Introduction: Vintage Toothbrush Timer

My last visit to the dentist convinced me that I should really brush my teeth at least two minutes. I decided to build a special toothbrush timer: it would detect when a brush is taken out, measure two minutes and notify when the time is up.

I chose to use Atmega328p, a weight sensor, brass cups, a tray, old alarm clock's chime and some plywood. I would like to tell how this device was made: what electrical components were used and how I assembled the enclosure.

Here is a video with how it all works togather:



An algorithm is quite basic:
  1. Wake up
  2. Read current weight with the precision of 3 grams
  3. If current weight is less then the previous one play following sequence:
  4. 1. Turn on all lamps
    2. Turn of a lamp every 20 seconds
    3. Chime every 30 seconds
  5. Sleep for 8 seconds
 

Step 1: Circuit Design

The circuit is designed around a wight sensor. I got one from a used digital scales. It is a pretty basic device: there are four wires: one is input current, one is ground and voltage difference between the other two wires is determined by a weight of an object on the scales. The difference, however, is really small, so one needs to use an amplifier to be able to tell that the weight has changed.

Here are components that I chose:

ATMega328p with 16Mhz crystal – I chose this micro-controller because it is extremely easy to use. There is also a good  community support, as ATMega328p is used in one of Arduinos.

Ina12P amplifier – this device is created specifically for amplification of sensors' signals. It is not hard to use it. The only thing that I found tricky is figuring out the right resistance value for amplification gain.

TPS2020 switch – this is a great switch with a very low standby current ( <10 μA). I use it to control power of the servo that chimes.

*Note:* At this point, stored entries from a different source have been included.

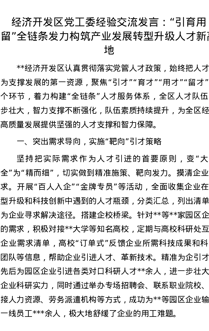 经济开发区党工委经验交流发言:“引育用留”全链条发力构筑产业发展转型升级人才新高地
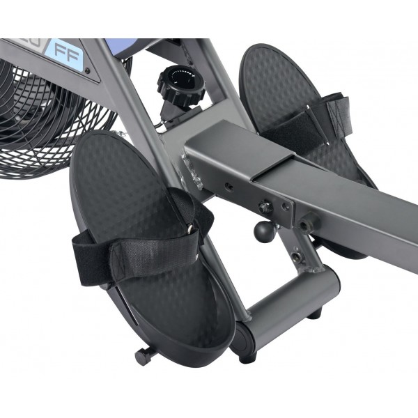 Аэродинамическое сопротивление тренажера можно менять специальным бесступенчатым регулятором (расположен под консолью). Конструкция рамы включает рельсу из особо прочной стали, ход сидения 80 см будет удобен спортсменам ростом до 2м. Тренажер можно сложить для удобного хранения в квартире.
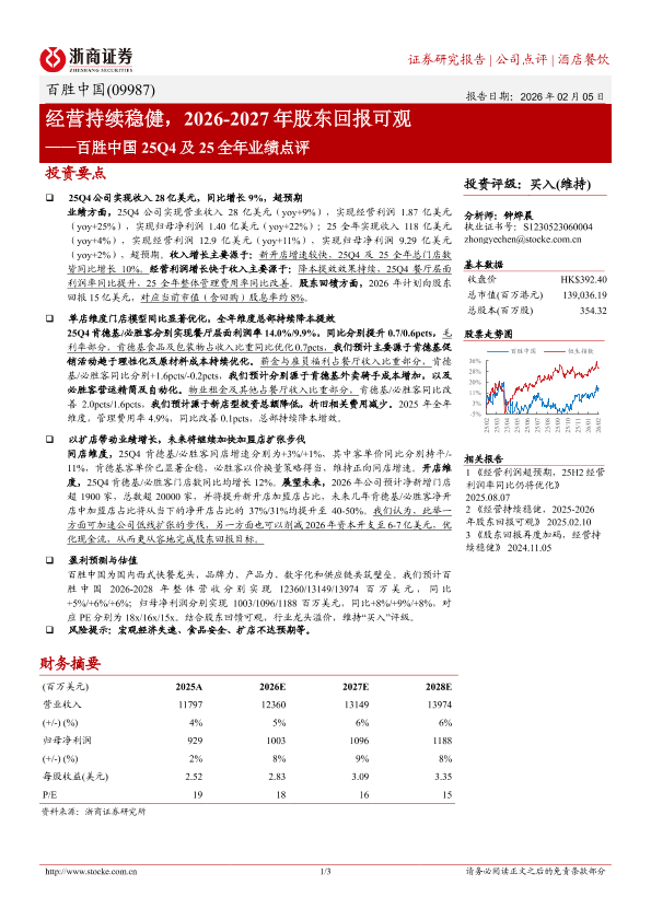 【浙商证券】【2025】经营持续稳健,2026-2027年股东回报可观——百胜中国 25Q4及 25全年业绩点评-3页
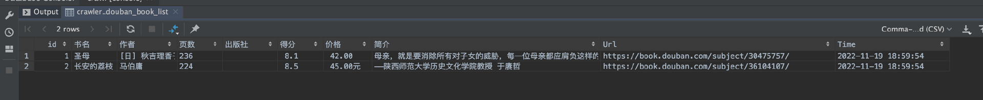 运行select * from douban_book_list; 可以查看表中已经插入的数据。
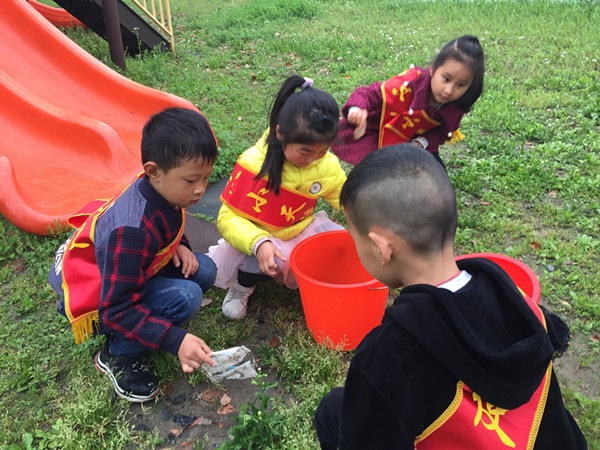 环保小卫士们主动在弯腰随手捡垃圾。孩子们体验到美化环境的快乐,在捡垃圾的过程中感受环卫工人的辛苦,从而培养幼儿养成爱护环境、讲究卫生,不乱扔垃圾的好习惯。

MAX1555 charger – this device controls charging of device's lithium-ion battery. 

2N3904  transistors – used to control lamps' power.

Lamps – I chose incandescent lamps out of esthetic reasons. Since I wanted to give the project a "vintage" look LED lamps did not quite fit the design. Although these lamps consume more power the feeling they evoke is quite worth it. 

This device is able to work 3 weeks on a single charge.

Full schematic could be found on Github.

Step 2: Printing the Circuit

I used photo-resistive method to etch the circuit.

Step 3: Programming

There program is pretty strait-forward. Source code could be found on GitHub.

Attachments

Step 4: Enclosure Design

The design and assembly of project's enclosure was almost as exciting as building and programming its circuit. I started with a new document in Inkscape and a new sheet of plywood I got from a hardware store. I have rented a laser cutter in Techshop to cut the plywood according to my design. The ease with which the cutter created my parts is quite fascinating:
 


I used glue to put everything together. All of the edges were reenforced with triangles cut from the same plywood.

I have applied two layers of Minwax wood finish and a layer of their Polyurethane to protect the surface.

I have applied some hot glue to all of the edges: this sealed the enclosure and made it somewhat water-proof. Importance of this step can not be underestimated, as the time would reside in a damp place.

Step 5: Putting Everything Together

Once the enclosure was ready I have put the circuit inside and connected all wires. Photographs attached to this step show how it all fits inside.

I would be happy to answer any questions and hear any comments about this project. 

I also hope this device will inspire you to create some creasy contraptions of your own!